*Task brief:* Begin with the line below holding "从10点04分开始竞拍后,仅" and go on through the line holding "بيان صادر عن", duplicating each line exactly and leaving out pictures.

*Exercise materials:*
=====

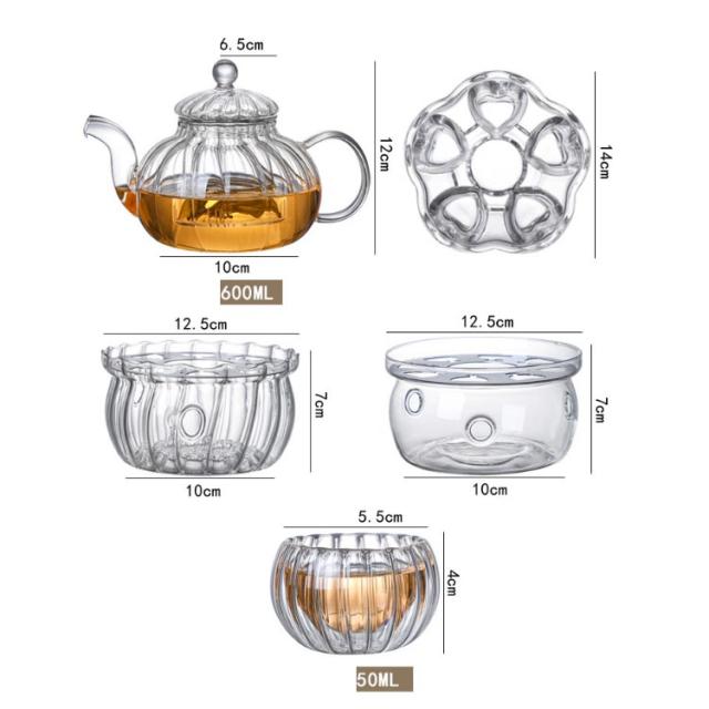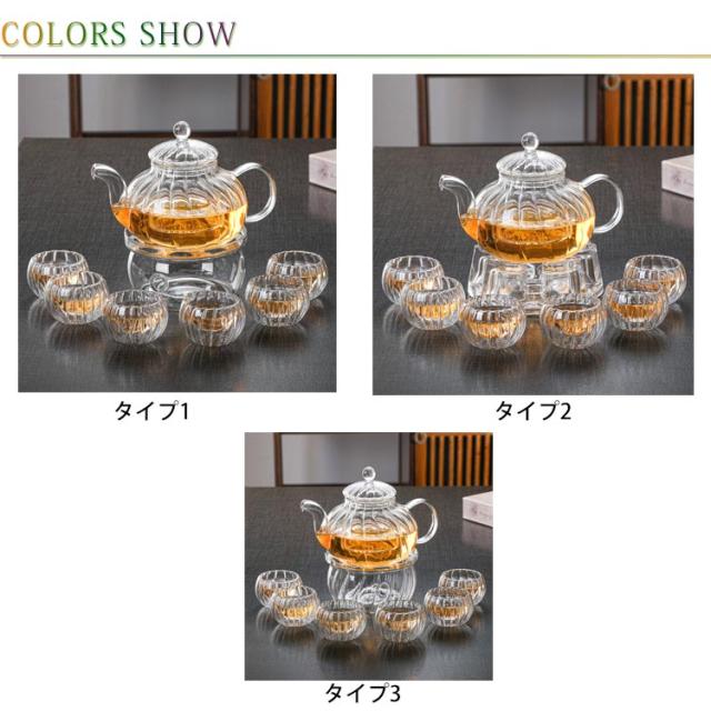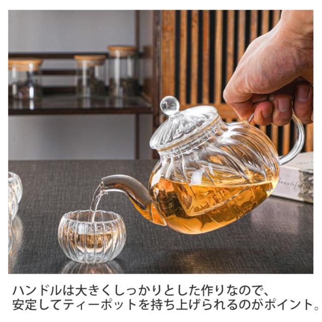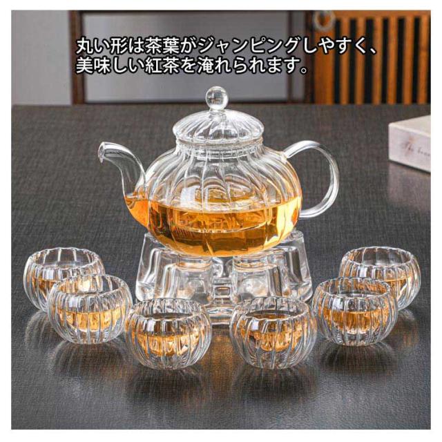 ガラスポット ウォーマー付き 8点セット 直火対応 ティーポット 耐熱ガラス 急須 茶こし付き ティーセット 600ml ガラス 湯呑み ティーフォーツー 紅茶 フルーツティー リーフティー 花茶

=====

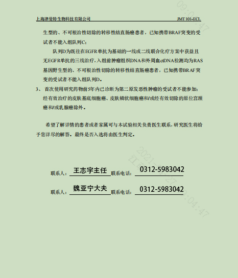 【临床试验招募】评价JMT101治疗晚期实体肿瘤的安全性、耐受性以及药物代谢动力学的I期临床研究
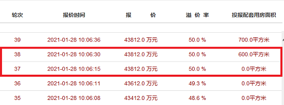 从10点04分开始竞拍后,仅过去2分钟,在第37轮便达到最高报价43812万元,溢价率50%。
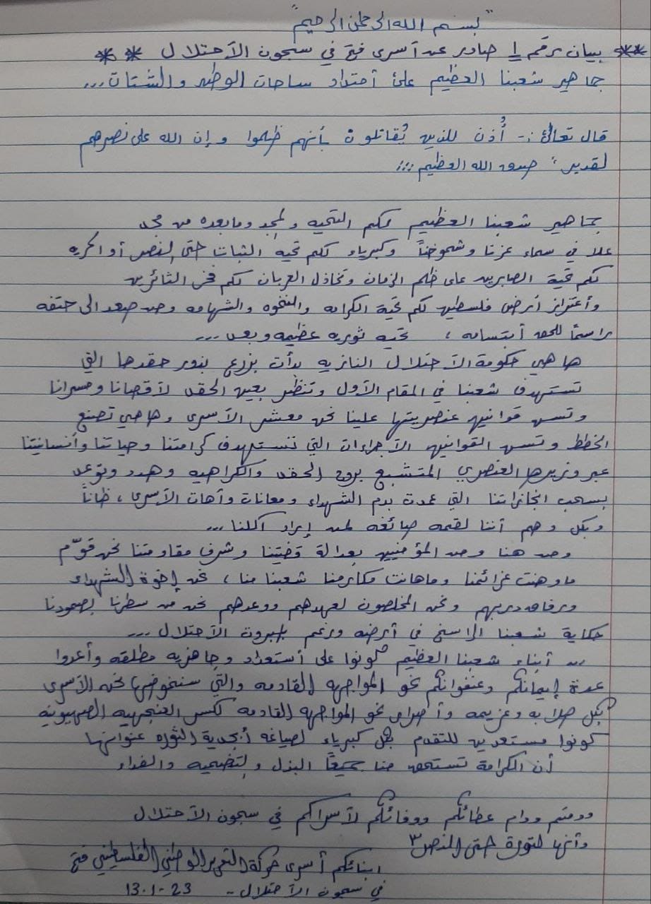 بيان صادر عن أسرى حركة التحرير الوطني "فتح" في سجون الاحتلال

=====

*Response for this exercise:*
 从10点04分开始竞拍后,仅过去2分钟,在第37轮便达到最高报价43812万元,溢价率50%。
 بيان صادر عن أسرى حركة التحرير الوطني "فتح" في سجون الاحتلال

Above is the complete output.